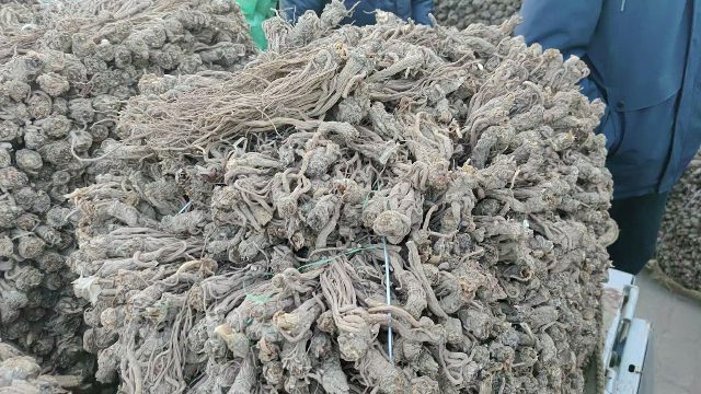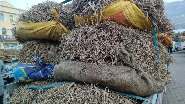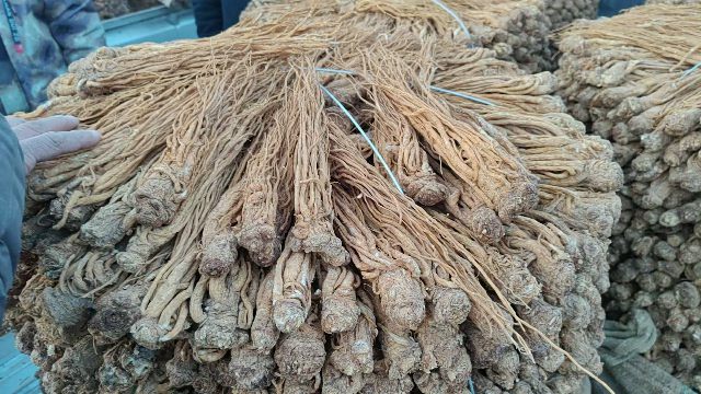 2、今日黄芪上货量依然较大,大约有160-170吨货源出售,毛二条、毛芪上货多。市场人流量基本稳定,本地企业及经营户购进干度好的毛二条、毛芪货源,采购力度大;加工户少量购进节子货源。整体交易平稳,成交价格基本稳定。0.6-0.8cm规格黄芪节22-25元/kg,0.8-1.0cm规格32-36元/kg;1.0-1.2cm规格黄芪节39-42元/kg;1.2-1.4cm规格黄芪节45-52元/kg;药厂毛芪成交价格15-16.5元/kg左右,好毛芪16-18元/kg之间;净芪成交价格在20-23元/kg;毛二条旧货成交价格在11.5-13元/kg,新货成交价格8.5-10.5元/kg之间;净二条成交价格14-16元/kg;受干度、条形、皮色影响,价格有差异,具体以实际成交价格为主。
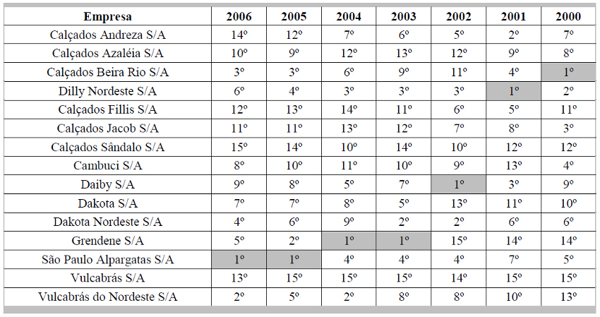 Há também, por outro lado, um movimento inverso dessas empresas ao longo do período de 2000 a 2006. A São Paulo Alpargatas melhorou seu posicionamento, encerrando o ano de 2006 como a líder do ranking, cujo resultado é confirmado pela publicação Exame (2007); enquanto isso, a Dilly Nordeste decresceu, encerrando o ano em 6° lugar.
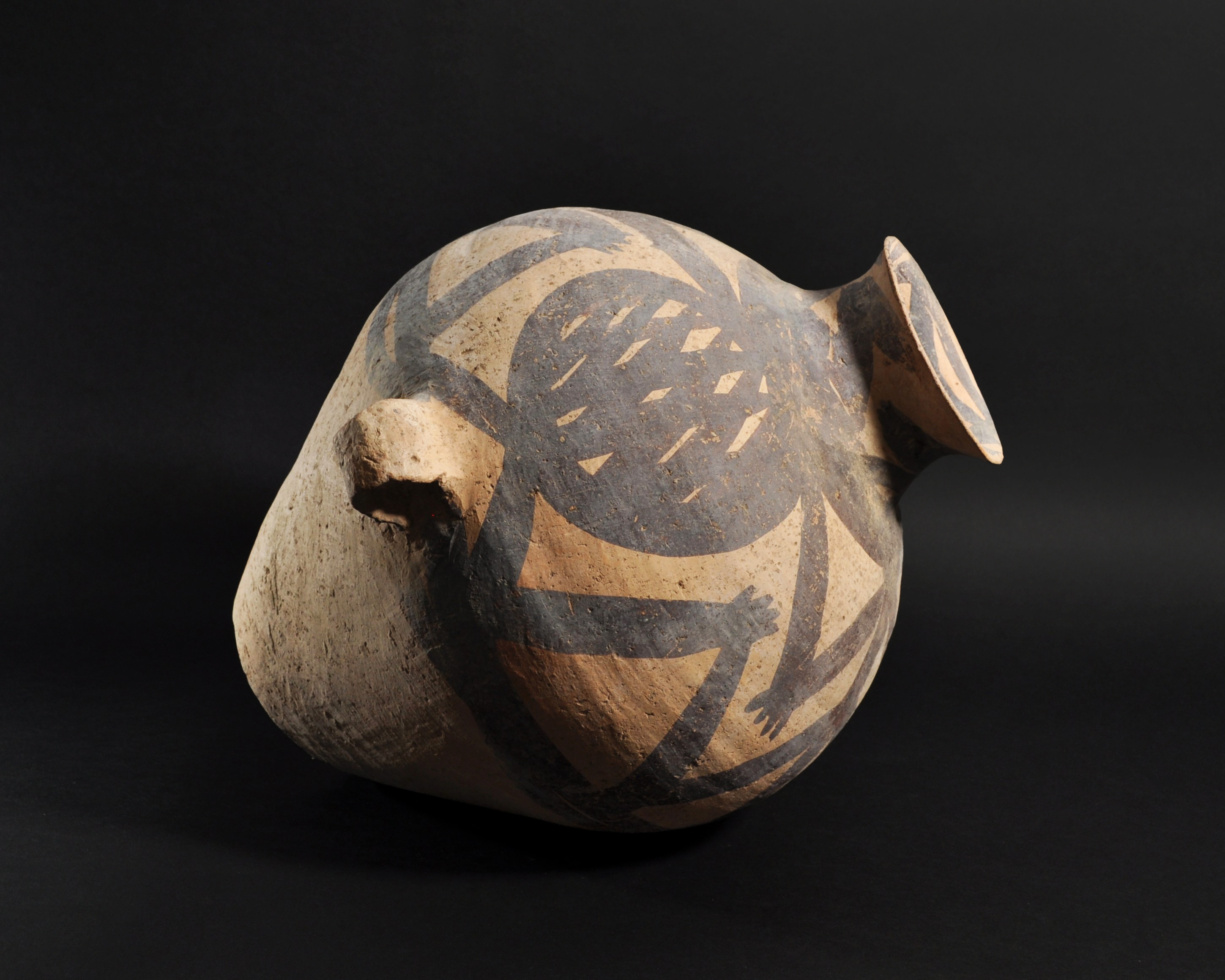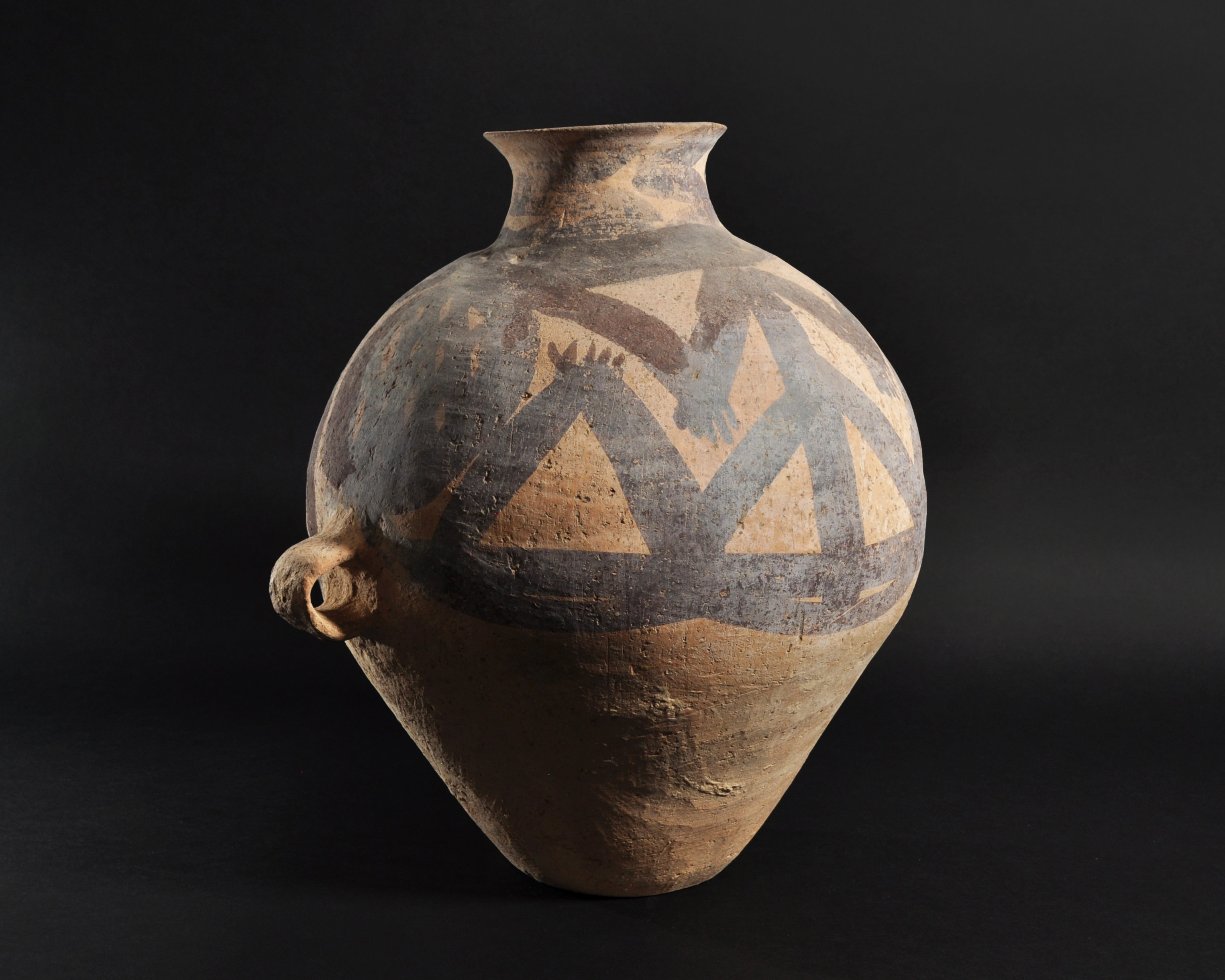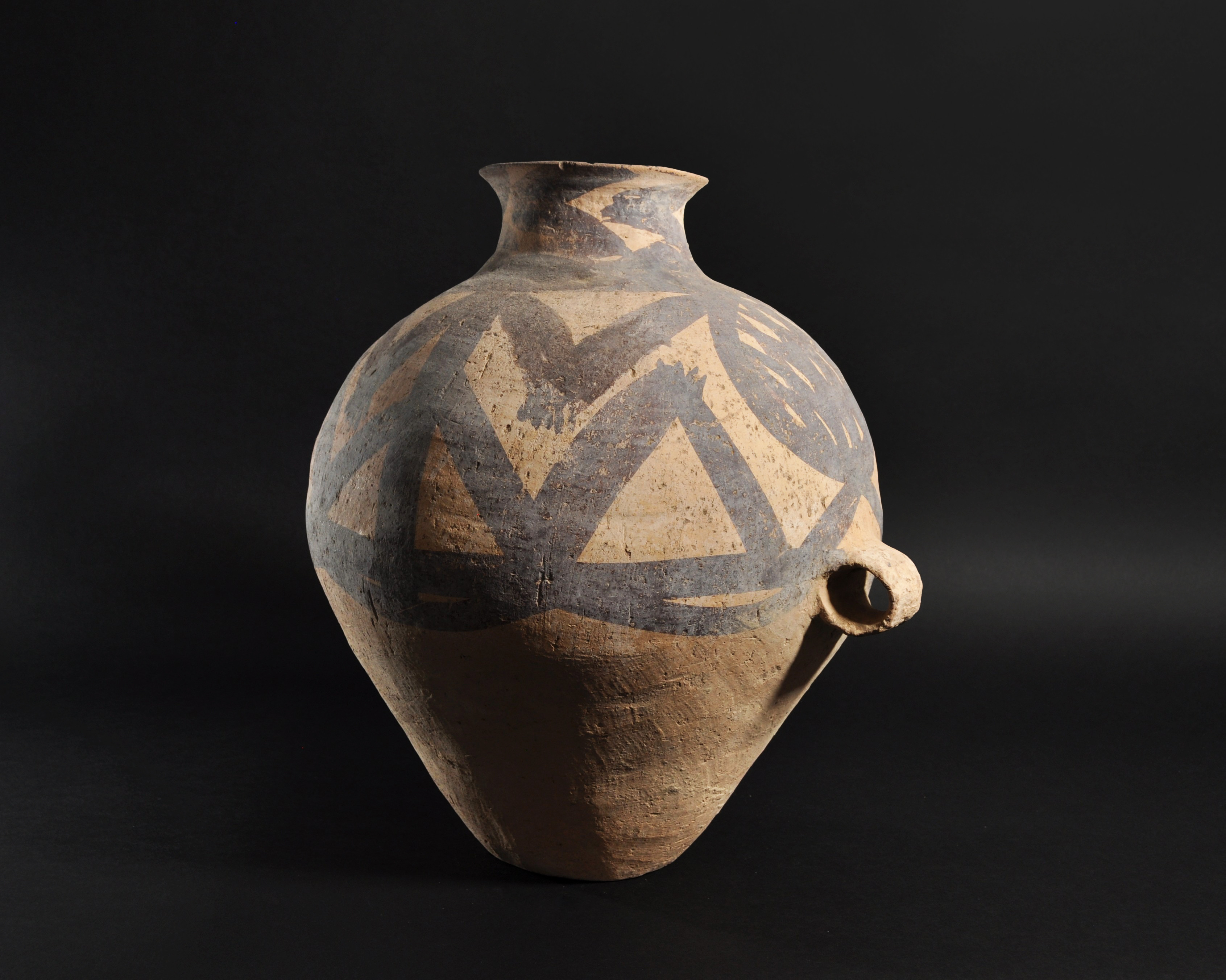 ARQUEOLOGÍA. CHINA. Neolítico. Cultura Majiayao. Vasija con dos asas y decoración geométrica pintada (ca. 2500 a.C.). Cerámica. Altura 38 cm. Adjunta certificado de termoluminiscencia QED Laboratoire. Adjunta declaración de importación del Ministerio de Cultura de España (no sujeto a tasas de exportación).
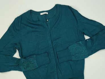 Ażurowy kardigan damski Orsay - Kolor: butelkowa zieleń/melanż - Fason: dopasowany, wydłużony do bioder - Zapięcie: 5 guzików z przodu (okrągłe, w kolorze swetra z metaliczną obwódką) - Dekolt: gł...
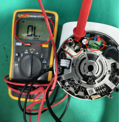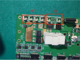 (1)通過三根電機線分別測量外殼、測量 48V 正極的阻抗,可判斷驅(qū)動板是否短路;正常狀態(tài)下所有阻抗均趨近無窮大,任何一根線出現(xiàn)低阻抗,即代表驅(qū)動板內(nèi)部功率器件擊穿或線路短路
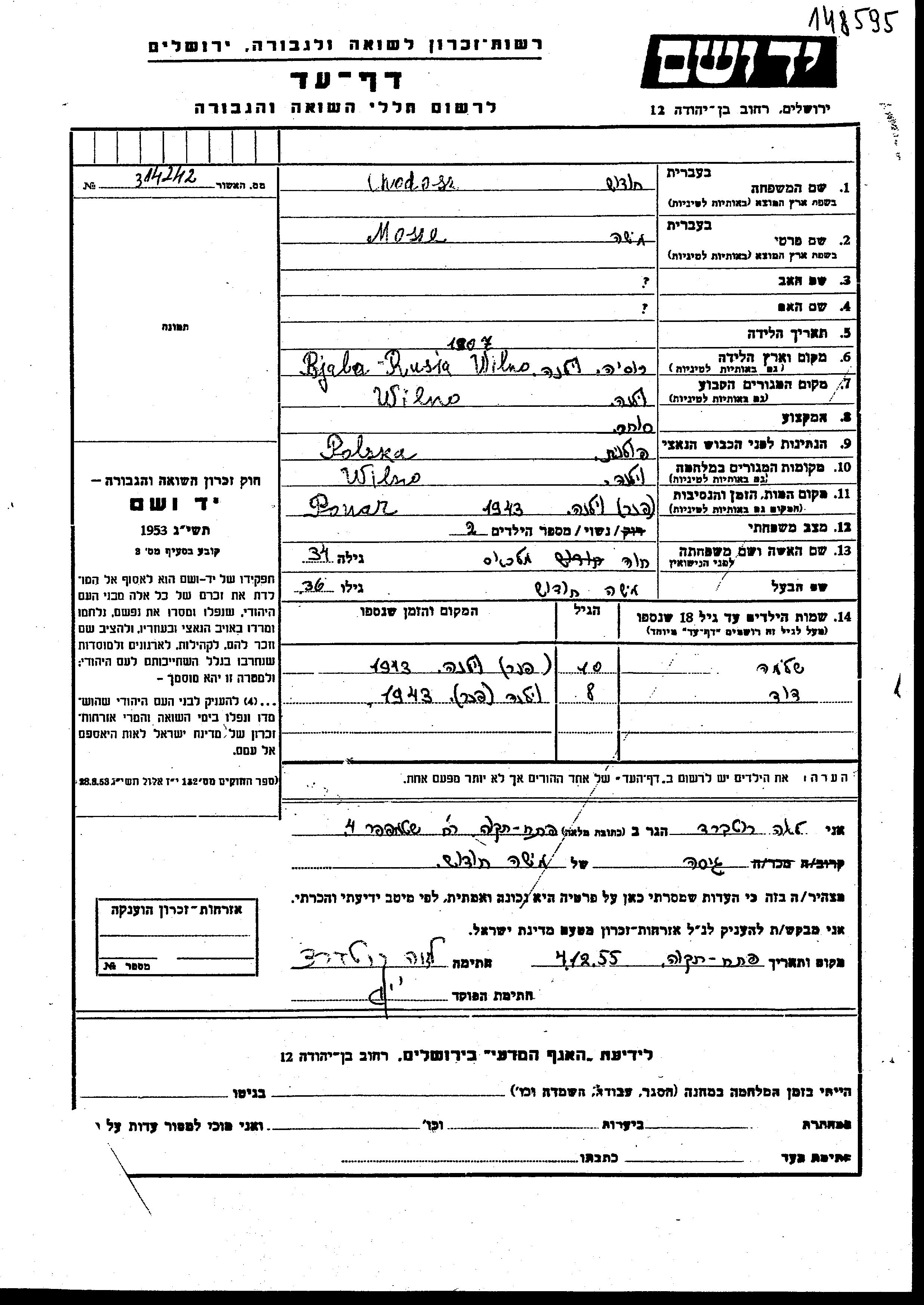 David Chodosz wurde Er war der Sohn von Mosze und Khava. Er war Kind. Vor dem Zweiten Weltkrieg lebte er in Wilno, Polen. Während des Krieges war er in Wilno, Polen.

++++++++++

- [REQUIRED ACTION] When you reproduce the data shown above, keep each line exact and omit every picture.

- [ANSWER TO THIS EXERCISE]
 2、今日黄芪上货量依然较大,大约有160-170吨货源出售,毛二条、毛芪上货多。市场人流量基本稳定,本地企业及经营户购进干度好的毛二条、毛芪货源,采购力度大;加工户少量购进节子货源。整体交易平稳,成交价格基本稳定。0.6-0.8cm规格黄芪节22-25元/kg,0.8-1.0cm规格32-36元/kg;1.0-1.2cm规格黄芪节39-42元/kg;1.2-1.4cm规格黄芪节45-52元/kg;药厂毛芪成交价格15-16.5元/kg左右,好毛芪16-18元/kg之间;净芪成交价格在20-23元/kg;毛二条旧货成交价格在11.5-13元/kg,新货成交价格8.5-10.5元/kg之间;净二条成交价格14-16元/kg;受干度、条形、皮色影响,价格有差异,具体以实际成交价格为主。
 Há também, por outro lado, um movimento inverso dessas empresas ao longo do período de 2000 a 2006. A São Paulo Alpargatas melhorou seu posicionamento, encerrando o ano de 2006 como a líder do ranking, cujo resultado é confirmado pela publicação Exame (2007); enquanto isso, a Dilly Nordeste decresceu, encerrando o ano em 6° lugar.
 ARQUEOLOGÍA. CHINA. Neolítico. Cultura Majiayao. Vasija con dos asas y decoración geométrica pintada (ca. 2500 a.C.). Cerámica. Altura 38 cm. Adjunta certificado de termoluminiscencia QED Laboratoire. Adjunta declaración de importación del Ministerio de Cultura de España (no sujeto a tasas de exportación).
 Ażurowy kardigan damski Orsay - Kolor: butelkowa zieleń/melanż - Fason: dopasowany, wydłużony do bioder - Zapięcie: 5 guzików z przodu (okrągłe, w kolorze swetra z metaliczną obwódką) - Dekolt: gł...
 (1)通過三根電機線分別測量外殼、測量 48V 正極的阻抗,可判斷驅(qū)動板是否短路;正常狀態(tài)下所有阻抗均趨近無窮大,任何一根線出現(xiàn)低阻抗,即代表驅(qū)動板內(nèi)部功率器件擊穿或線路短路
 David Chodosz wurde Er war der Sohn von Mosze und Khava. Er war Kind. Vor dem Zweiten Weltkrieg lebte er in Wilno, Polen. Während des Krieges war er in Wilno, Polen.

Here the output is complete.